The undisclosed cost worries government watchdogs.
“It could be a big challenge for us to do our normal analysis of a large program like this,” said Dan Grazier, senior defense policy fellow at the Project on Government Oversight. “It’s easy to say the B-21 is still on schedule before it actually flies. Because it’s only when one of these programs goes into the actual testing phase that real problems are discovered.” That’s when, he said, schedules start to slip and costs go up.
The B-2 was also intended to be a fleet of more than 100 aircraft, but the Luftwaffe built only 21 due to cost overruns and a changing security environment after the fall of the Soviet Union. Due to the aging bomber’s significant maintenance needs, fewer than that are ready to fly on any given day .
The B-21 Raider, which takes its name from the 1942 Doolittle raid over Tokyo, will be slightly smaller than the B-2 to increase its range, Warden said. It won’t make its first flight until 2023. But Warden said Northrop Grumman used advanced computers to test the bomber’s performance with a digital twin, a virtual replica of the one unveiled on Friday.
Ellsworth Air Force Base in South Dakota will house the bomber’s initial training program and squadron, although the bombers are expected to be based at bases in Texas and Missouri as well.
US Senator Mike Rounds, a Republican from South Dakota, led the state’s bid to host the bomber program. In a statement, he called it “the most advanced weapons system ever developed by our country to defend ourselves and our allies.”
Northrop Grumman also incorporated the maintenance lessons learned from the B-2, Warden said.
In October 2001, B-2 pilots set a record when they flew 44 hours straight after the September 11 attacks to drop the first bombs in Afghanistan. The B-2 often makes long roundtrip flights as there are few hangars in the world capable of accommodating its span, limiting landing opportunities for maintenance. The hangars must also be air-conditioned as the Spirit’s windows do not open and hot climates can heat up the cockpit electronics.

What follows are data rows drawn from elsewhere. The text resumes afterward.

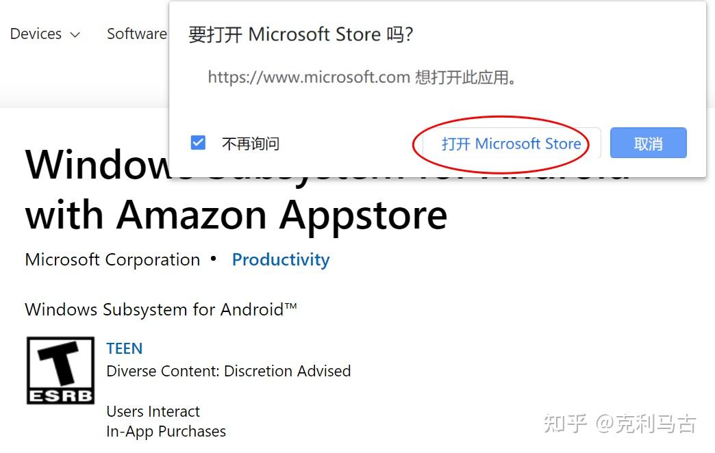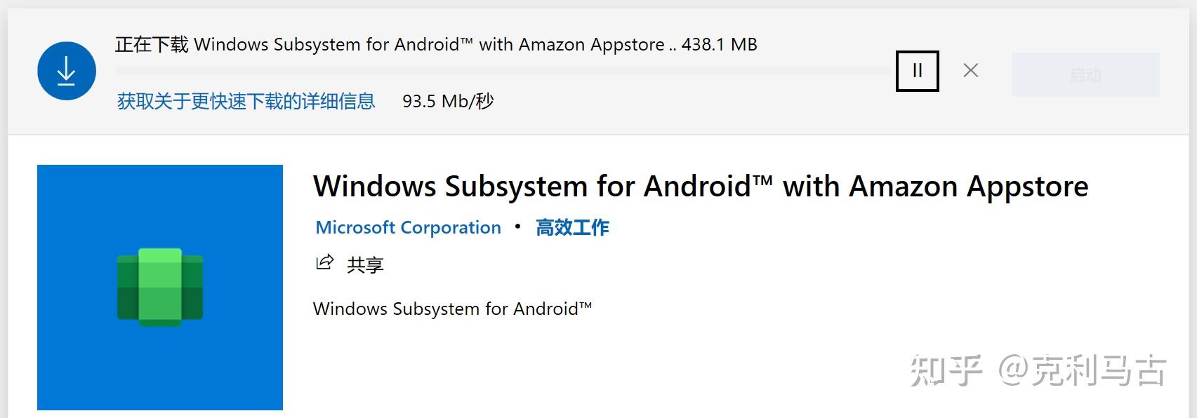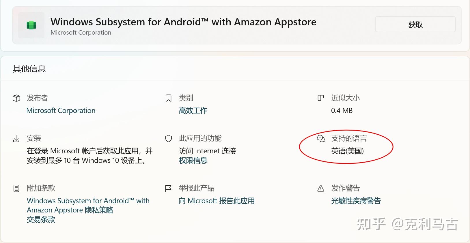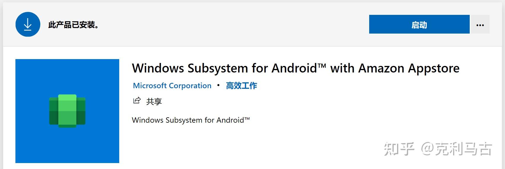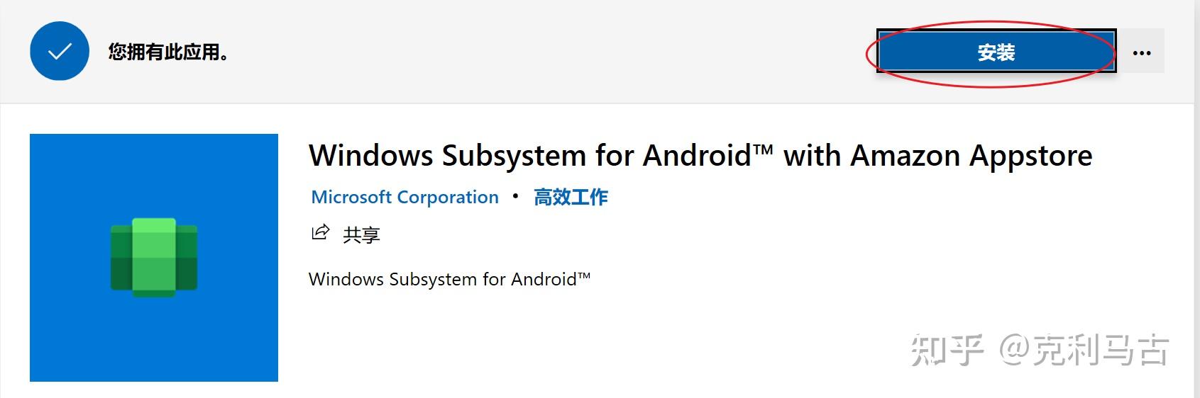 然后使用下面的链接直接安装 Windows Subsystem for Android™ with Amazon Appstore.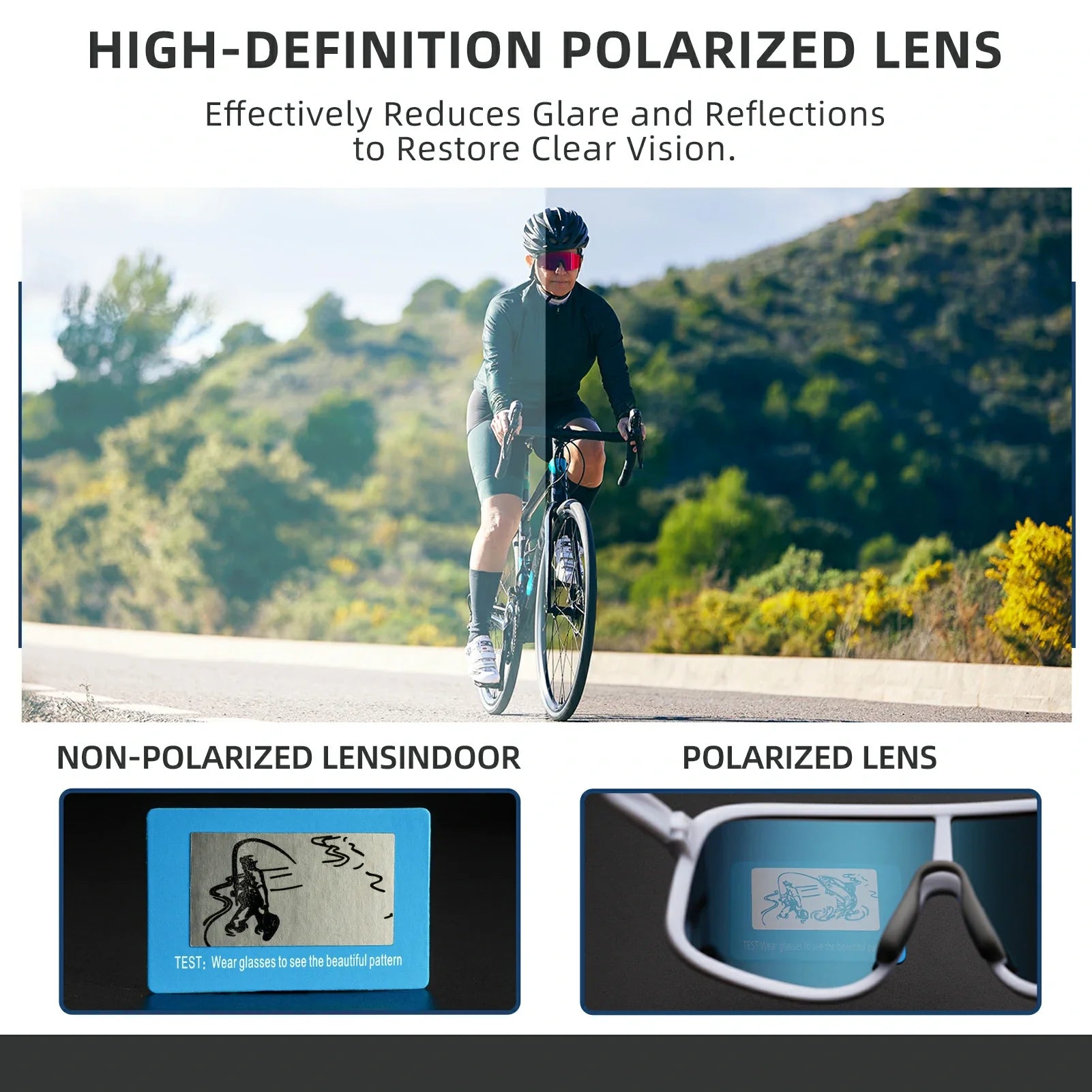 - Clear Polarized Lens: The polarized lenses filter out reflected light and glare from surfaces like roads, water, snow, and glass, reducing potential safety hazards caused by unclear vision.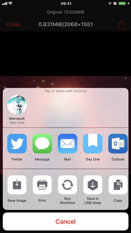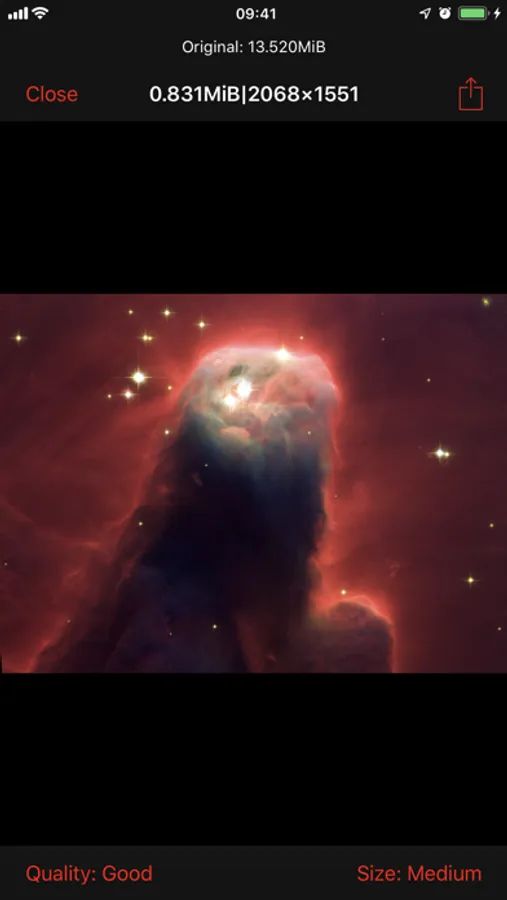 Select your photo and adjust the compression parameters then use sharing action export compressed photo. Also supports photo compress action in other apps when use photo sharing action.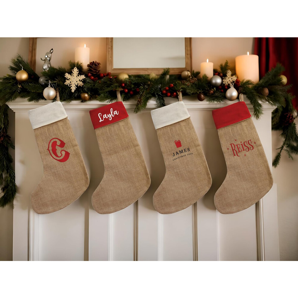 (Style 4, Red & Canvas) Personalised Luxury Christmas Stocking - Custom Jute & Cotton Stockings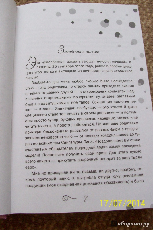 Подарила эту книгу дочери на 9 лет.По словам дочери книга "супер".Прочитала с большим интересом за несколько вечеров,закрыв последнюю страницу начала опять ее читать.......Качество печати отличное,шрифт не мелкий,хотя нет рисунков, но это ничуть не расстроило, книгу приятно держать в руках

The new raider will also get new hangars to accommodate its size and complexity, Warden said.
However, with the Raider’s extended range, “it doesn’t have to be based in the theater,” Austin said. “It doesn’t take logistical support to put a target in jeopardy.”
A final noticeable difference was in the debut itself. While both went public in Palmdale, the B-2 rolled outdoors in 1988 to much public fanfare. Given advances in surveillance satellites and cameras, the Raider was only partially exposed, with its delicate propulsion systems and sensors remaining under the hangar and protected from eyes from above.
“The magic of the platform,” Warden said, “is what you don’t see.”